Aanhangsel van de Handelingen

Vragen gesteld door de leden der Kamer, met de daarop door de regering gegeven antwoorden

1576

Vragen van het lid Tang (PvdA) aan de minister van Financiën over de oproep van Obama om banken via een heffing zelf te laten betalen voor reddingsoperaties. (Ingezonden 21 januari 2010)

1

Kent u het bericht «US wants others to adopt levy on banks»?1

2

Ziet u een heffing op niet-verzekerde schulden als een aanvulling op de depositogarantie, zodat er een bredere grondslag ontstaat om mogelijke kosten van reddingsoperaties uit te dekken?

3

Deelt u de mening dat de heffing goed past in het streven dat banken meer reserves aanhouden en een kleinere hefboom van vreemd vermogen hanteren?

4

Kunt u aangeven wat de opbrengst voor Nederland is van een heffing op niet-verzekerde schulden van 15 basispunten?

5

Bent u van plan zich aan te sluiten bij het initiatief van de Obama-regering?

Antwoord

Antwoord van minister Bos (Financiën) (ontvangen 11 februari 2010)

1

Ja

2

Het depositogarantiestelsel staat op zichzelf los van reddingsoperaties en de kosten die daaraan verbonden zijn. Het depositogarantiestelsel geeft een expliciete garantie op deposito’s tot een waarde van EUR 100.000 bij faillissement van een bank. Deze kosten worden de sector zelf gefinancierd.

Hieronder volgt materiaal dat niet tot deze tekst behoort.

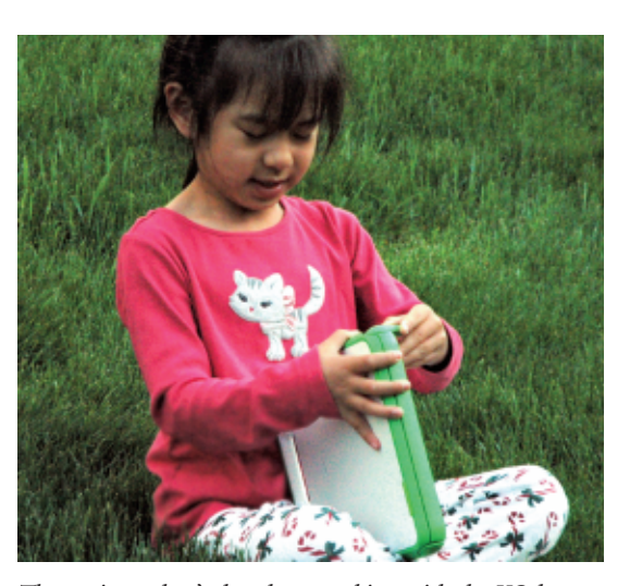
The main author's daughter working with the XO laptop.

The first batch of XO laptops was released in December 2007 (one is shown in Figure 1) and received good reviews with regard to its innovative hardware design. However, the near- and long-term future of the XO laptop remains uncertain because of the lack of empirical field data and other potential social and cultural concerns (Perry, 2007).
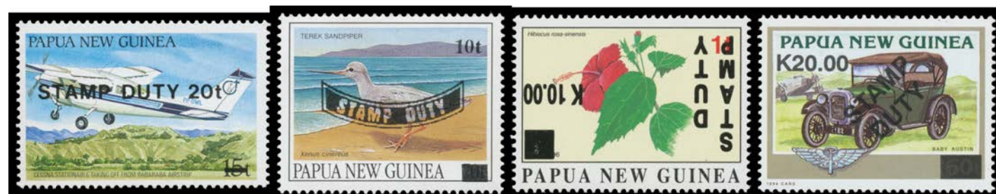
Ex Lot 1167
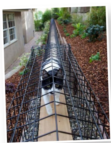
Habitat Haven builds custom cat enclosures

To learn more about Habitat Haven please visit their website habitathaven.com . They will be happy to answer your questions and help you design your own catio.
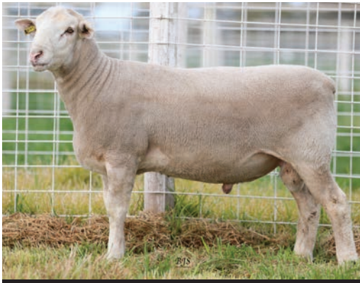
WHITE SUFFOLK Lot 27 246 TW
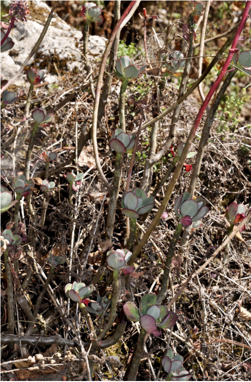
Figure 6. Echeveria nuyooensis in habitat.
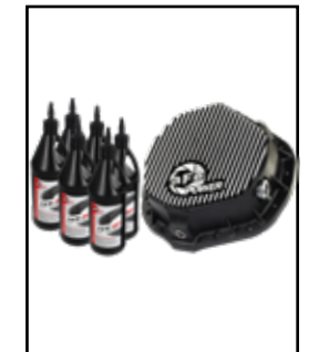
P/N: 46-70012-WL (w/ 0il) 46-70012 (Blk) 46-70010 (RAW)
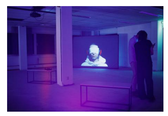
The blind point, 2022
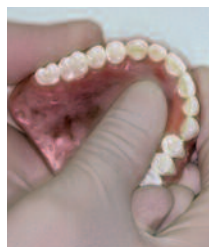
Denture base and teeth easily adjusted chairside at Try-in appointment.
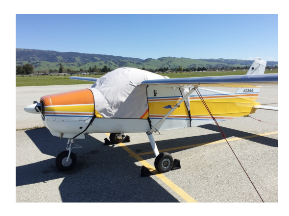
Bolkow Junior 208 Canopy Cover
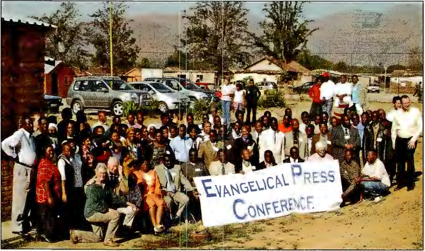
Group photo of conferees at Barberton, see report page 27
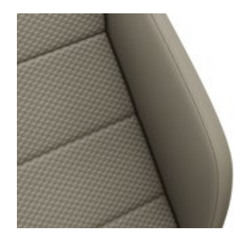
Lasano Storm Grey (Tiguan Allspace only)
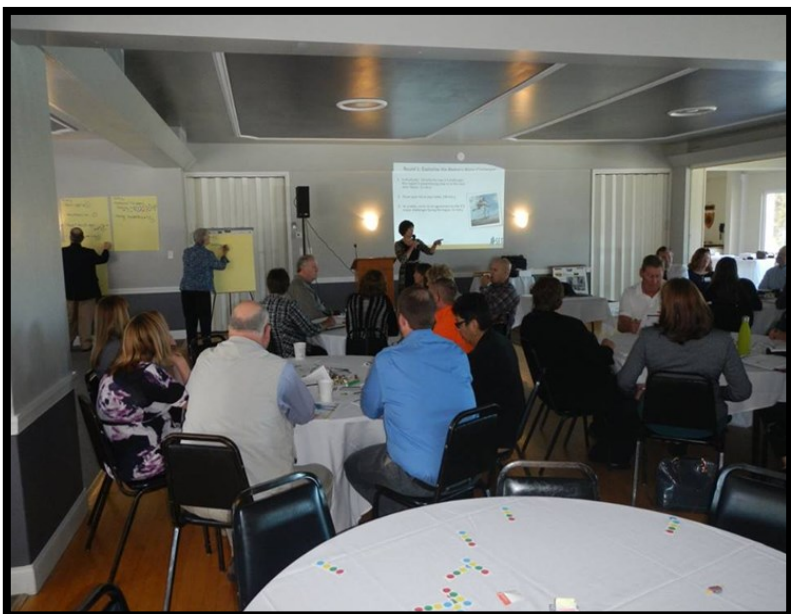
Businesses, community leaders and government offices from Clark County, Missouri; Lee County, Iowa; and Hancock

In 2016 Sessions 2, 3, and 4 were held with community leaders from all three counties, extra input was collected from Clark County residence not actively participating in the project, and the core writing team met on 8 separate occasions to piece together the final plan for submission. From this in depth input process, the core writing team has completed the first draft of the SET Rivers Confluence Plan for submission to USDA. The plan focused on 4 goals: Develop comprehensive outreach program that leverages the strength of community organizations to increase collaboration and
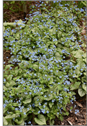
Jack Frost Bugloss in bloom

Jack Frost Bugloss is a fine choice for the garden, but it is also a good selection for planting in outdoor pots and containers. It is often used as a 'filler' in the 'spiller-thriller-filler' container combination, providing a mass of flowers and foliage against which the thriller plants stand out. Note that when growing plants in outdoor containers and baskets, they may require more frequent waterings than they would in the yard or garden.
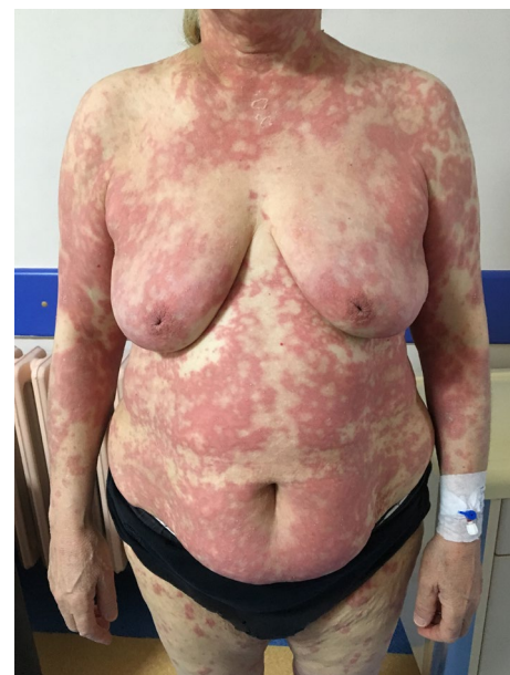
FIGURE 1 Diffuse erythematous and edematous plaques with nonfollicular pustules on her body

Severe cutaneous adverse reactions to drugs are associated with morbidity, mortality, healthcare costs, and drug development challenges. They are a wide spectrum of entities consisting of Stevens-Johnson syndrome, toxic epidermal necrolysis, drug reaction with eosinophilia and systemic symptoms syndrome, and acute generalized exanthematous pustulosis (AGEP). 1 The term of AGEP is first used in 1980 by Beylot et al in the medical literature as a separate entity. 2 It is a rare adverse drug reaction represented by suddenly onset of widespread nonfollicular sterile pustules on erythematous and edematous plaques, high fever ( >38^{\circ}\text{C} ), and neutrophilia ( >5000/\text{mL} ). The initial lesions start from the face and fold areas and rapidly dissipate. Targetoid lesions and purpura
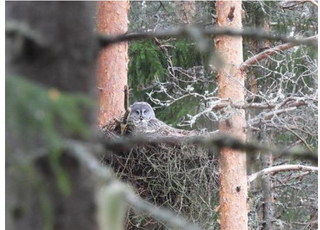
Great Grey Owl
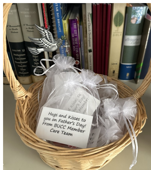
Father's day treats from the June 16th Service
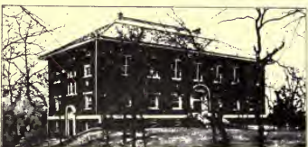
The New Smith Gymnasium.—One of Beloit's Fourteen Buildings.

—U. S. Senator Albert J. Beveridge, in Saturday Evening Post, June 10, 1905.
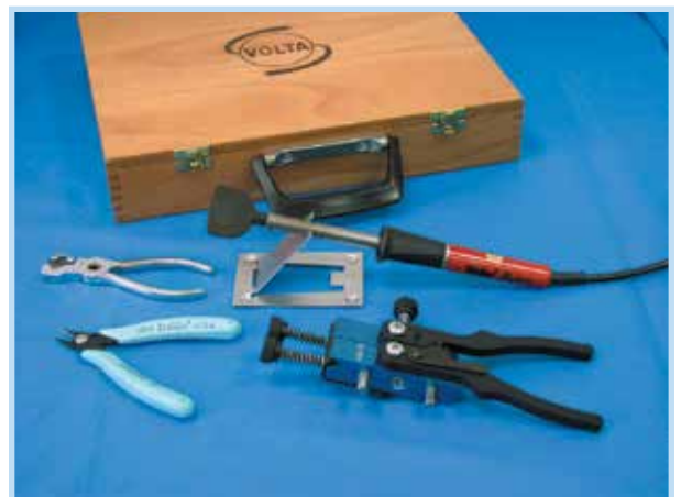
Kit for small profile welding
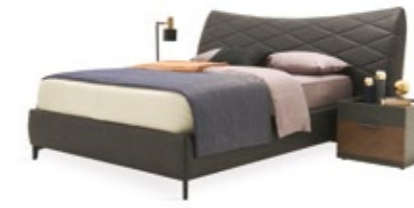
Steel Base With Storage(160x200 cm) W: 1740 H: 400 D: 2100
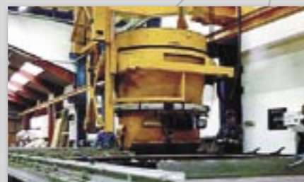
Overhead travelling concrete crane. The skip with integrated rotation can be lowered for casting and for levelling the concrete.
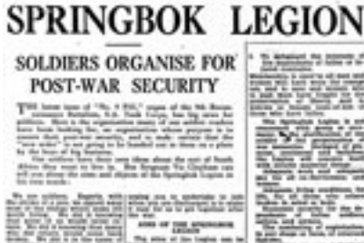
The Guardian, 10.11.1941 - Soldiers demand post-war security
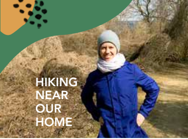
HIKING NEAR OUR HOME
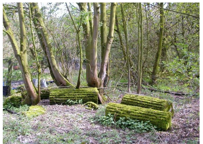
Fluted columns on the site of Aston Hall – which was demolished 1938

Site of Aston Hall – after falling into disrepair the Hall was razed to ground level in 1938. Building materials were sold or reused – some brick rubble had been used to repair the drive and the cellars were taken over by wildlife. Moss covered stone columns lie on the ground providing evidence of the Hall's portico or colonnade.
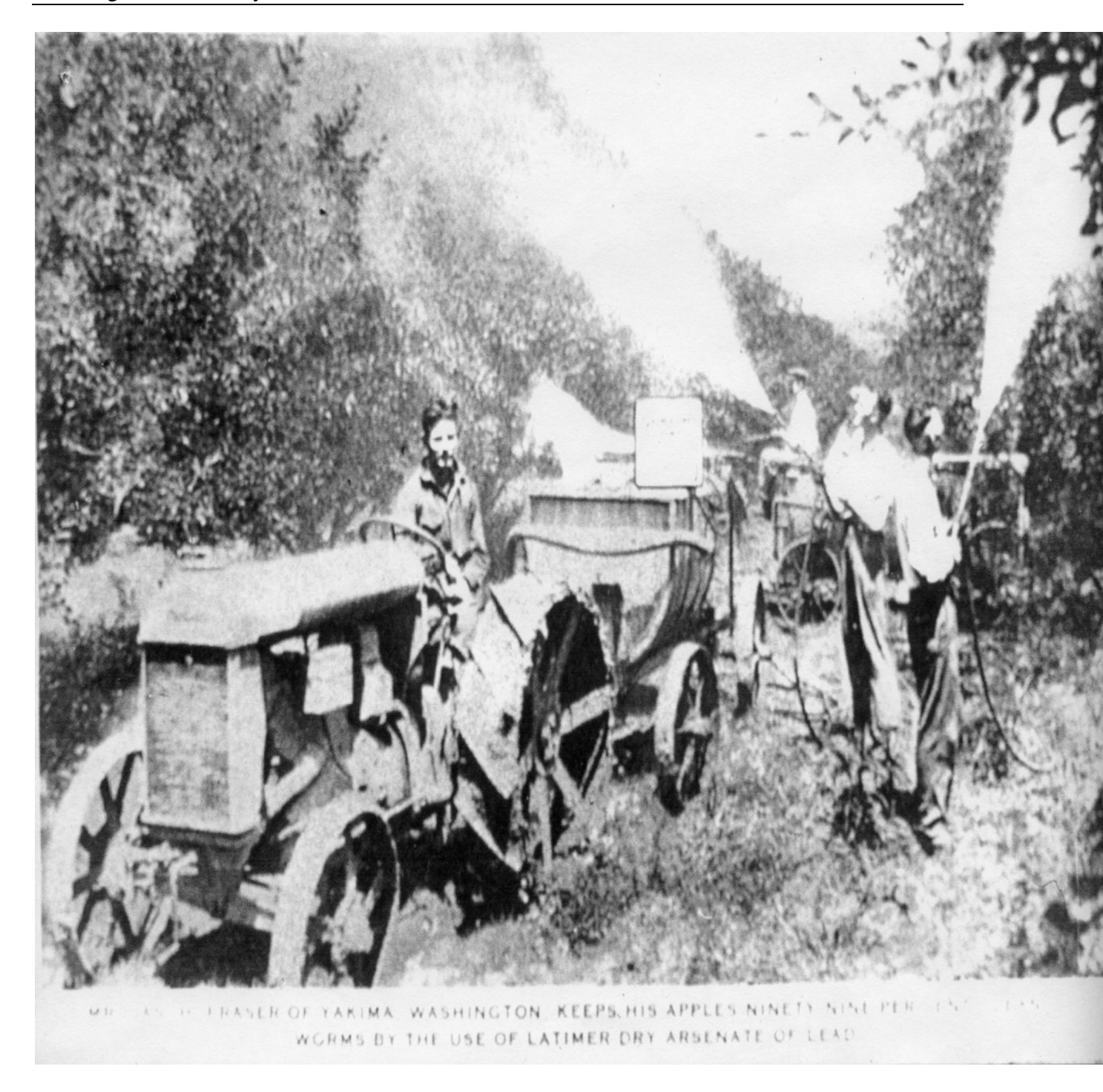
Figure 2. Farmers spraying Lead Arsenate in pears and apples in Eastern Washington.
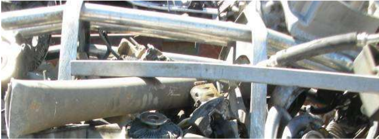
A2 Aluminium Extrusion
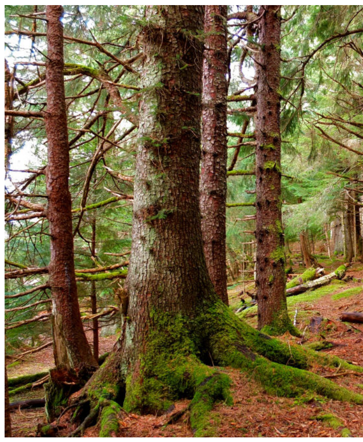
Tongass trees.

"salvage" timber—timber that is dead, damaged, downed by other natural means, or otherwise in need of clearing—and uses its funds to prepare and administer future salvage sales.
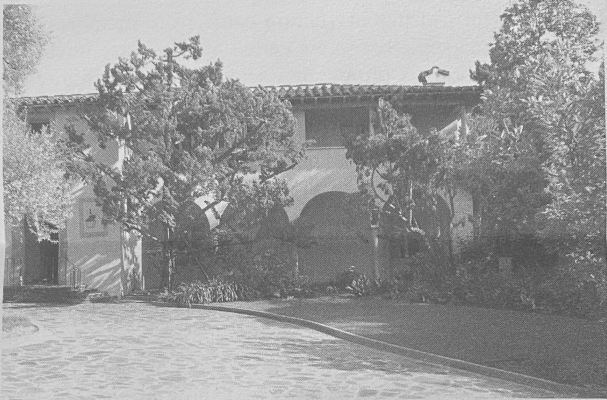
The First Showcase House
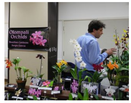
New vendor Olompali Orchids sales booth
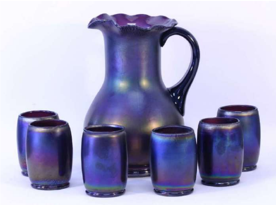
#7509 VY Water Set, tankard & tumblers, 7-piece set (tumblers were either fire polished or ground tops)
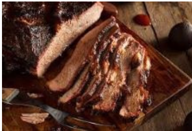
Pasture Fed Beef Brisket
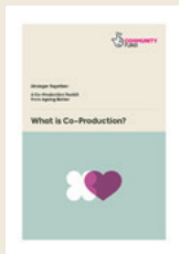
2 What is co-production?
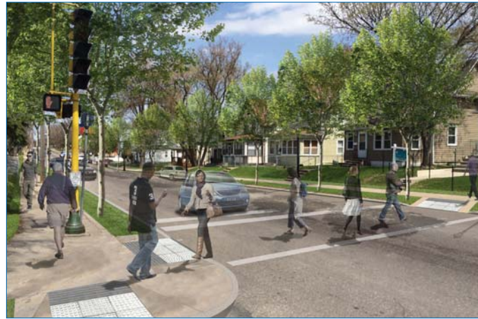
Rendering of the approved redesign for a typical section of the avenue

Improve safety for pedestrians and make Penn more livable for everyone with a new road layout, streetscaping and BRT.
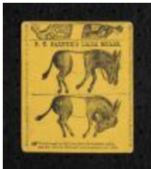
Advertisement: Puzzle featuring "P. T. Barnum's Trick Mules" (2003.009.073)
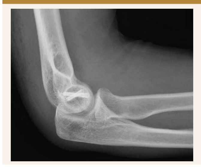
Figure 3 | Post-operative radiograph of the right elbow (lateral view) illustrating satisfactory reduction of the capitellar fragment with two intraosseous screws

entity, representing only 0.48 % of all AVN cases [12]. Significantly, all six patients had a history of corticosteroid use, however there was no relationship found between steroid dose and duration and the extent of AVN [12].
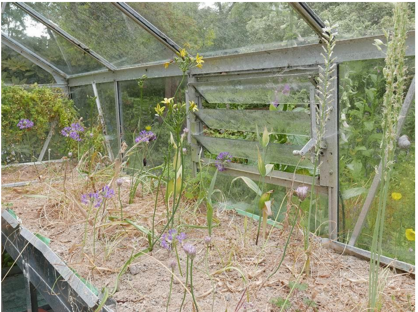
Allium crispum, Allium gomphrenoides, Tritelia ixioides and Ornithogalum sp.

I have been trying to find bulbs for the sand beds that will produce flowers into June and July while tolerating or even thriving in the Mediterranean type regime of winter wet leading on to a dry summer. I seem to be finding a few that are proving suitable bringing the colour of their flowers to that period.
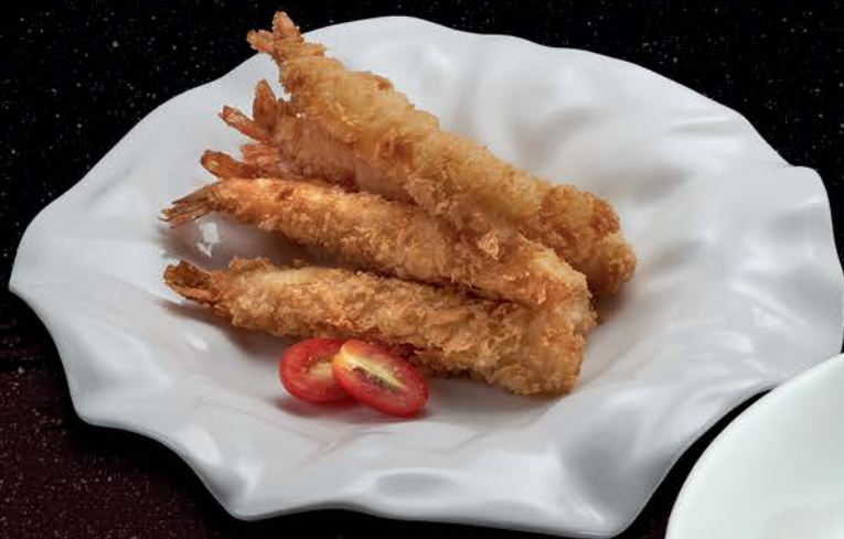
黑松露胡椒天妇罗虾 Crisp-fried Tempura Shrimp with Black Pepper Truffle Cream

Reddingsoperaties zijn daarentegen juist bedoeld om een faillissement te voorkomen. De kosten van deze reddingsoperaties dreigen in een going concern situatie voor de overheid te komen. Dit moet in de toekomst worden beperkt. Dit kan in eerste instantie door betere crisispreventie en door ervoor te zorgen dat aandeelhouders en vreemdvermogenverschaffers de eerste partijen zijn die verliezen op moeten vangen. Voorzover dan nog sprake zou zijn van kosten voor de overheid, dan kan een heffing op niet-verzekerde schulden een mogelijke aanvulling zijn om deze kosten op te vangen. Daarbij zal nader gekeken moeten worden naar de vormgeving.

Een heffing op niet-verzekerde schulden zoals bedoeld in het plan van de regering van de Verenigde Staten is bedoeld om de kosten als gevolg van afgelopen reddingsacties (TARP) te verhalen op de financiële sector. Het is dus een ex post afrekening met de financiële sector voor verleende steun aan bepaalde financiële instellingen en heeft geen betrekking op het bekostigen van toekomstige reddingsacties. In Nederland is deze rekening in de vorm van beprijzing van garanties en kapitaal injecties in veel gevallen reeds ex ante afgesproken met die instellingen die steun hebben ontvangen.

3

Op zichzelf kan de heffing op onverzekerde schulden prikkels geven tot het aanhouden van meer eigen vermogen of meer verzekerde schulden. Overigens heeft de bankenheffing zoals voorgesteld door de VS een horizon van 10 jaar of totdat de TARP verliezen zijn verhaald op de financiële sector, zodat er geen blijvende werking vanuit gaat.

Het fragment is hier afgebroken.